## [Exercise instructions]
Set every entry down again, unchanged, picture-free.

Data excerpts
□ □ □
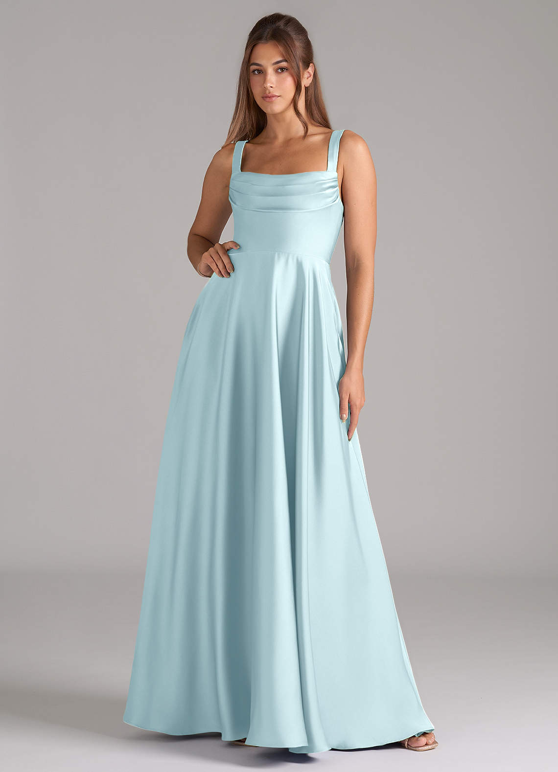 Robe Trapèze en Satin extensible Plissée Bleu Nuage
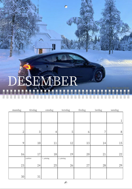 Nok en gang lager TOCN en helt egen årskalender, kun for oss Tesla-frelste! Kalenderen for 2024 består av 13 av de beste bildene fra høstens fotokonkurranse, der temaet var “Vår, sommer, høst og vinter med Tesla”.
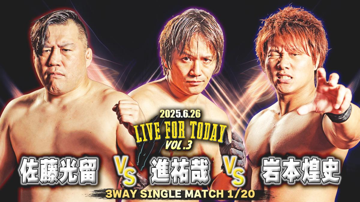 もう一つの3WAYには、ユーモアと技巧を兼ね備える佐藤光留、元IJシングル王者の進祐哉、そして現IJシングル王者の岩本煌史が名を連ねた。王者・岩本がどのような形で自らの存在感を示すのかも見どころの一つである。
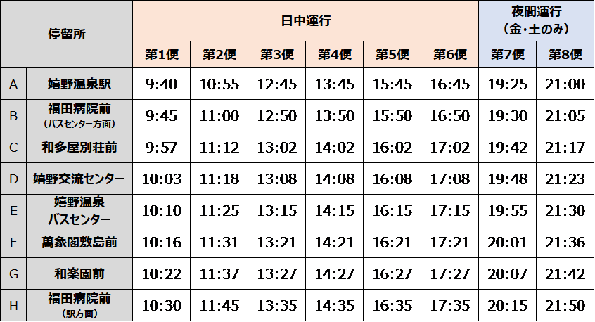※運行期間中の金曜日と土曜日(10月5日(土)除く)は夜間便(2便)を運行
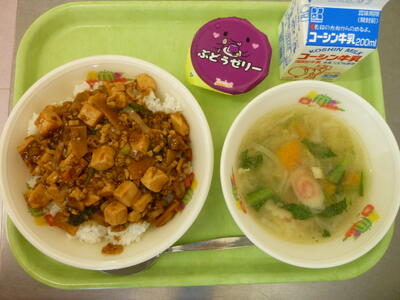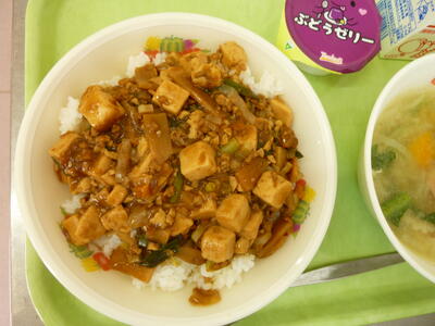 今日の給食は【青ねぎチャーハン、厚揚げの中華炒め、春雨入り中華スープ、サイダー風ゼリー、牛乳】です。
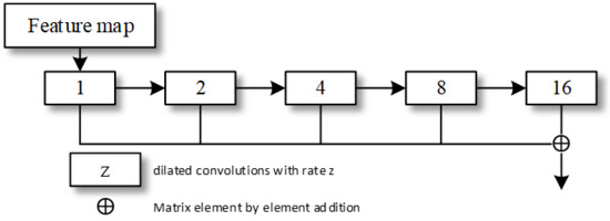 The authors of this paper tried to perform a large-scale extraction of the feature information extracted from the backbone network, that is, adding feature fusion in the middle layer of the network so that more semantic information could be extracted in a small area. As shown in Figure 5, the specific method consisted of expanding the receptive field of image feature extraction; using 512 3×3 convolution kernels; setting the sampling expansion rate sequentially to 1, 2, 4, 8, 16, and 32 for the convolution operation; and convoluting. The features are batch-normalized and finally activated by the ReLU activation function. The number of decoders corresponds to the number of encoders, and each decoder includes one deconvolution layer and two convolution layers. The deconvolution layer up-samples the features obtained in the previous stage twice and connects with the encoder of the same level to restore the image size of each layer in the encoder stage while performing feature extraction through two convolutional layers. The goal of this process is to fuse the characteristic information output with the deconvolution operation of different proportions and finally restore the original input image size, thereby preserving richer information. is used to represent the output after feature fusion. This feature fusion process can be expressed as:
□ □ □
## [Output for this exercise]
 Robe Trapèze en Satin extensible Plissée Bleu Nuage
 Nok en gang lager TOCN en helt egen årskalender, kun for oss Tesla-frelste! Kalenderen for 2024 består av 13 av de beste bildene fra høstens fotokonkurranse, der temaet var “Vår, sommer, høst og vinter med Tesla”.
 もう一つの3WAYには、ユーモアと技巧を兼ね備える佐藤光留、元IJシングル王者の進祐哉、そして現IJシングル王者の岩本煌史が名を連ねた。王者・岩本がどのような形で自らの存在感を示すのかも見どころの一つである。
※運行期間中の金曜日と土曜日(10月5日(土)除く)は夜間便(2便)を運行
 今日の給食は【青ねぎチャーハン、厚揚げの中華炒め、春雨入り中華スープ、サイダー風ゼリー、牛乳】です。
 The authors of this paper tried to perform a large-scale extraction of the feature information extracted from the backbone network, that is, adding feature fusion in the middle layer of the network so that more semantic information could be extracted in a small area. As shown in Figure 5, the specific method consisted of expanding the receptive field of image feature extraction; using 512 3×3 convolution kernels; setting the sampling expansion rate sequentially to 1, 2, 4, 8, 16, and 32 for the convolution operation; and convoluting. The features are batch-normalized and finally activated by the ReLU activation function. The number of decoders corresponds to the number of encoders, and each decoder includes one deconvolution layer and two convolution layers. The deconvolution layer up-samples the features obtained in the previous stage twice and connects with the encoder of the same level to restore the image size of each layer in the encoder stage while performing feature extraction through two convolutional layers. The goal of this process is to fuse the characteristic information output with the deconvolution operation of different proportions and finally restore the original input image size, thereby preserving richer information. is used to represent the output after feature fusion. This feature fusion process can be expressed as:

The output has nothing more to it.